_Entries shown:_
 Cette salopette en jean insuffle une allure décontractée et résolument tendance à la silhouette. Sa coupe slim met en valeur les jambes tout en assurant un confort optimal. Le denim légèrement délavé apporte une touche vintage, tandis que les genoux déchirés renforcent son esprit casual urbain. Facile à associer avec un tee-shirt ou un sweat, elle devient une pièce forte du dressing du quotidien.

==

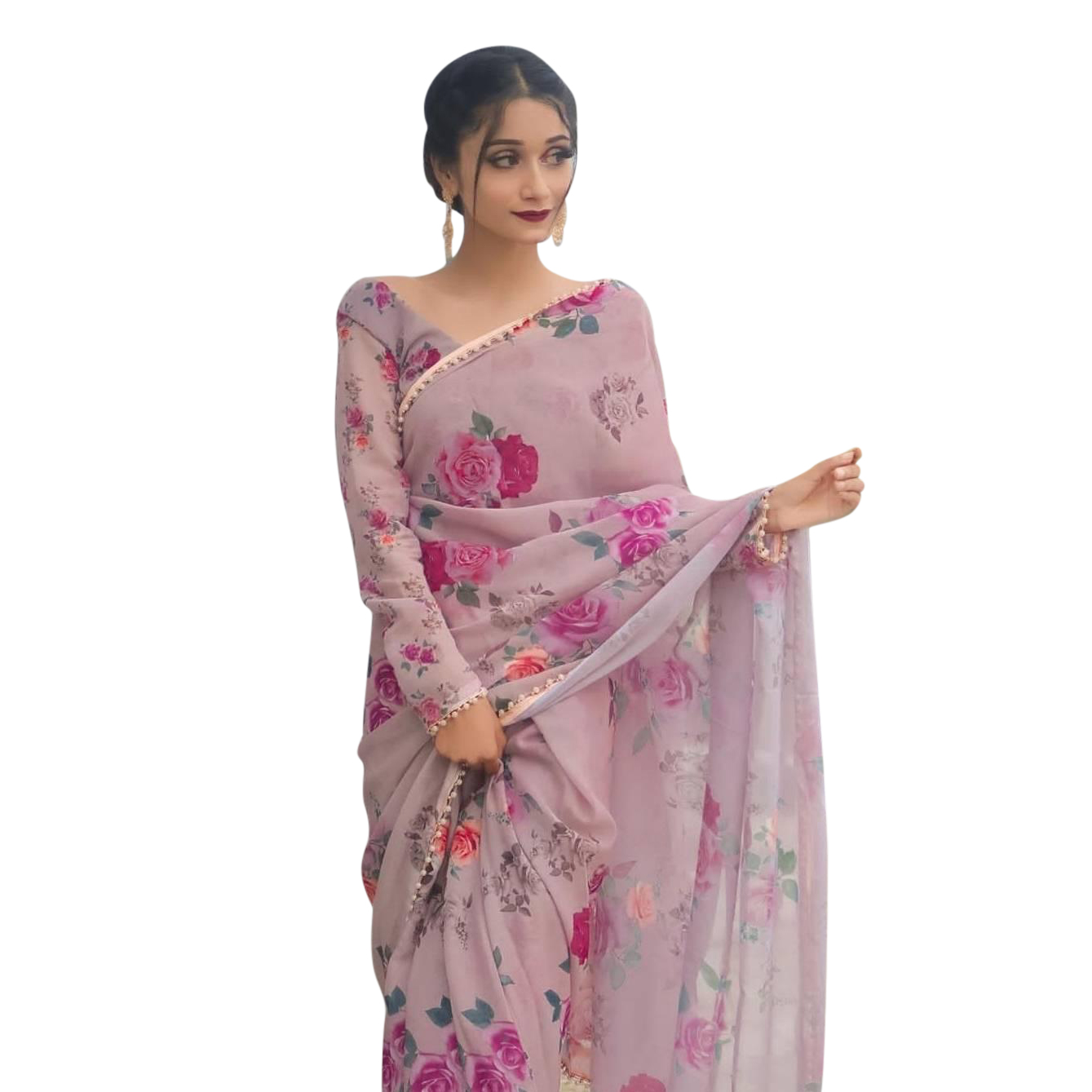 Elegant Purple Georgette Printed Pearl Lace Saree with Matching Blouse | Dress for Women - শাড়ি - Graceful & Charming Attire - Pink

---

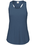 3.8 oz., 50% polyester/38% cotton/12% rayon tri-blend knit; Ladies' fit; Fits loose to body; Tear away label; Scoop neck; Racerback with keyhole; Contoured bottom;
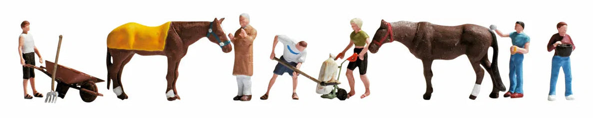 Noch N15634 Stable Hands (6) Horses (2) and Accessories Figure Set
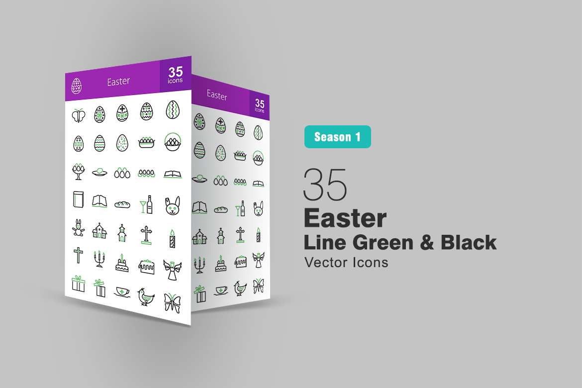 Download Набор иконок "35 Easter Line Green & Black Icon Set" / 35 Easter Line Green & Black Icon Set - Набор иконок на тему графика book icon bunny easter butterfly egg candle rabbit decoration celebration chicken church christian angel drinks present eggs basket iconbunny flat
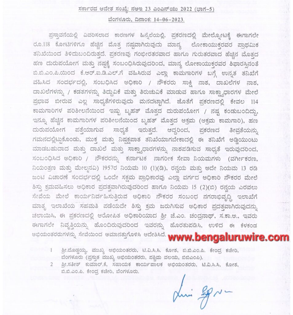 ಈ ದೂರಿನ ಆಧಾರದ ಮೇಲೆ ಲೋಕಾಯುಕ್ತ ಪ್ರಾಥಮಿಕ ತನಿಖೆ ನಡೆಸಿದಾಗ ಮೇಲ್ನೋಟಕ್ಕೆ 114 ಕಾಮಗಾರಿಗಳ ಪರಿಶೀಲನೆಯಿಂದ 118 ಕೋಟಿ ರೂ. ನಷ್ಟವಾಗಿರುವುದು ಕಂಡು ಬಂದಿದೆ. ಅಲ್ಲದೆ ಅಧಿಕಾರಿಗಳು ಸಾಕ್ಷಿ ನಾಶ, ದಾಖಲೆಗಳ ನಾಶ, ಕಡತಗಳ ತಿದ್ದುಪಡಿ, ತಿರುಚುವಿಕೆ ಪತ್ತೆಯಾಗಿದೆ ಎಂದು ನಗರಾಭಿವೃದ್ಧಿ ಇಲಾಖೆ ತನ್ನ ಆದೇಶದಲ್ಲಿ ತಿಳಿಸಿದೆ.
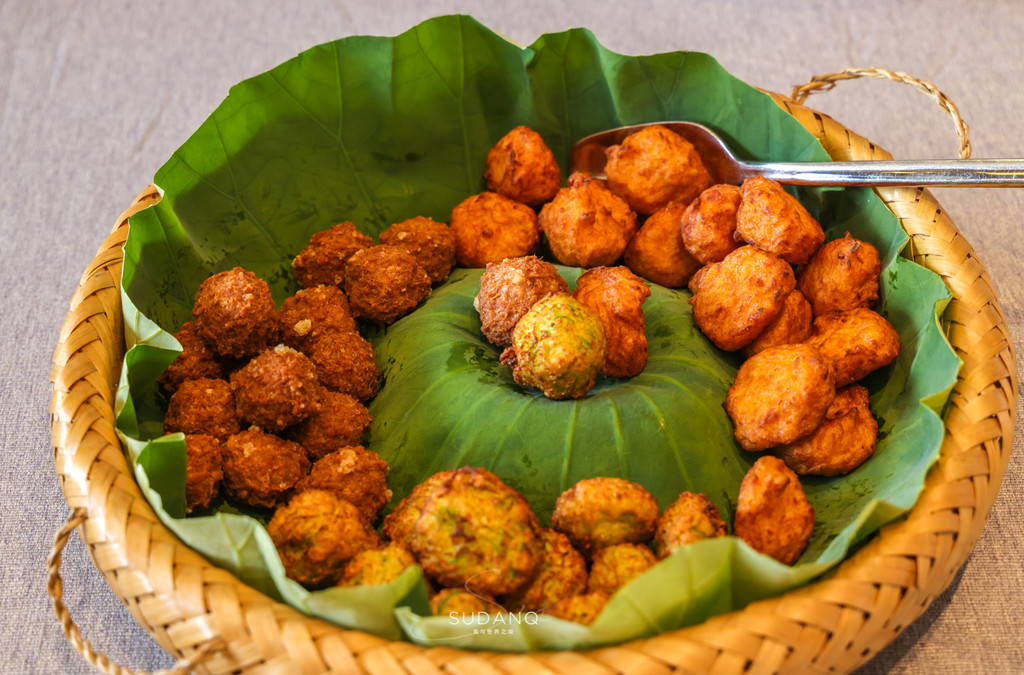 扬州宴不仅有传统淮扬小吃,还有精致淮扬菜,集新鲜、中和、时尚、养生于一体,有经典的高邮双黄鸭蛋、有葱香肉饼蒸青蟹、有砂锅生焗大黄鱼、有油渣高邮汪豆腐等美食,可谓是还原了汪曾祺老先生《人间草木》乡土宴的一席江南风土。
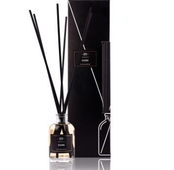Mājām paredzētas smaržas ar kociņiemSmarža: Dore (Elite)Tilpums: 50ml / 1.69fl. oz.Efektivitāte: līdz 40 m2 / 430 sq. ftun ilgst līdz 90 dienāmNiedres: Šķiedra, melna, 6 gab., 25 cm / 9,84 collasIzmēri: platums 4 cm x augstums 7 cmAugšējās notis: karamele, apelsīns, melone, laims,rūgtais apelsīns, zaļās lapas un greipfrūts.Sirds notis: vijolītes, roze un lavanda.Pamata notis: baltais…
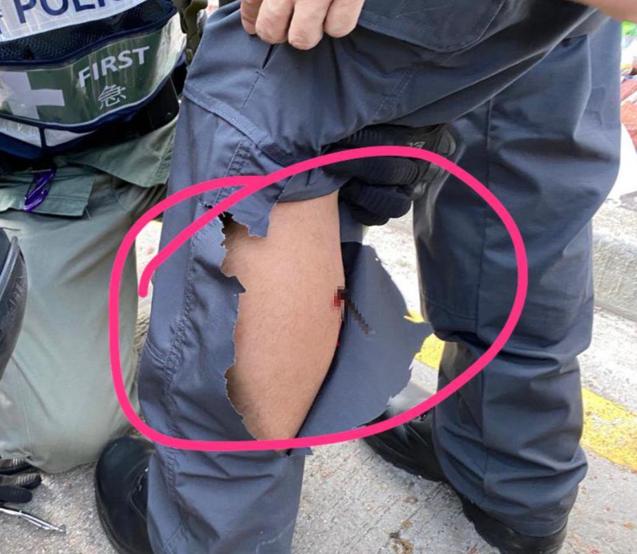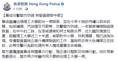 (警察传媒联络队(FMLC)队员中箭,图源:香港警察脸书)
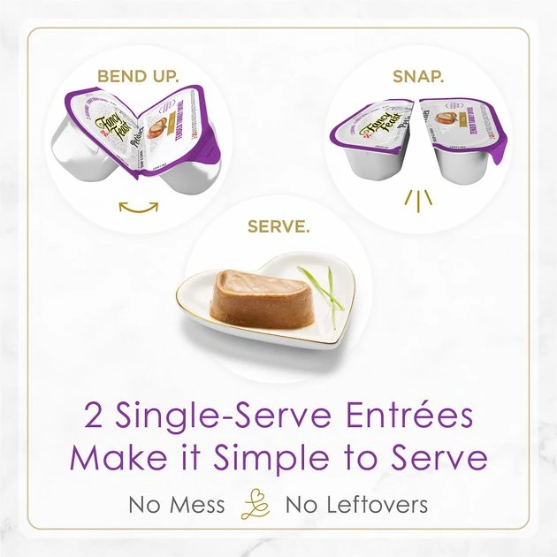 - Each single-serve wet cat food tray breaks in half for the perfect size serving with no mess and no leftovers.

_Action item:_ Nothing but the lines above, starting at the line that contains "Noch N15634 Stable" and ending at the line that contains "- Each single-serve", should be given again, exactly and without the pictures.

_Task output:_
 Noch N15634 Stable Hands (6) Horses (2) and Accessories Figure Set
 Download Набор иконок "35 Easter Line Green & Black Icon Set" / 35 Easter Line Green & Black Icon Set - Набор иконок на тему графика book icon bunny easter butterfly egg candle rabbit decoration celebration chicken church christian angel drinks present eggs basket iconbunny flat
 ಈ ದೂರಿನ ಆಧಾರದ ಮೇಲೆ ಲೋಕಾಯುಕ್ತ ಪ್ರಾಥಮಿಕ ತನಿಖೆ ನಡೆಸಿದಾಗ ಮೇಲ್ನೋಟಕ್ಕೆ 114 ಕಾಮಗಾರಿಗಳ ಪರಿಶೀಲನೆಯಿಂದ 118 ಕೋಟಿ ರೂ. ನಷ್ಟವಾಗಿರುವುದು ಕಂಡು ಬಂದಿದೆ. ಅಲ್ಲದೆ ಅಧಿಕಾರಿಗಳು ಸಾಕ್ಷಿ ನಾಶ, ದಾಖಲೆಗಳ ನಾಶ, ಕಡತಗಳ ತಿದ್ದುಪಡಿ, ತಿರುಚುವಿಕೆ ಪತ್ತೆಯಾಗಿದೆ ಎಂದು ನಗರಾಭಿವೃದ್ಧಿ ಇಲಾಖೆ ತನ್ನ ಆದೇಶದಲ್ಲಿ ತಿಳಿಸಿದೆ.
 扬州宴不仅有传统淮扬小吃,还有精致淮扬菜,集新鲜、中和、时尚、养生于一体,有经典的高邮双黄鸭蛋、有葱香肉饼蒸青蟹、有砂锅生焗大黄鱼、有油渣高邮汪豆腐等美食,可谓是还原了汪曾祺老先生《人间草木》乡土宴的一席江南风土。
Mājām paredzētas smaržas ar kociņiemSmarža: Dore (Elite)Tilpums: 50ml / 1.69fl. oz.Efektivitāte: līdz 40 m2 / 430 sq. ftun ilgst līdz 90 dienāmNiedres: Šķiedra, melna, 6 gab., 25 cm / 9,84 collasIzmēri: platums 4 cm x augstums 7 cmAugšējās notis: karamele, apelsīns, melone, laims,rūgtais apelsīns, zaļās lapas un greipfrūts.Sirds notis: vijolītes, roze un lavanda.Pamata notis: baltais…
 (警察传媒联络队(FMLC)队员中箭,图源:香港警察脸书)
 - Each single-serve wet cat food tray breaks in half for the perfect size serving with no mess and no leftovers.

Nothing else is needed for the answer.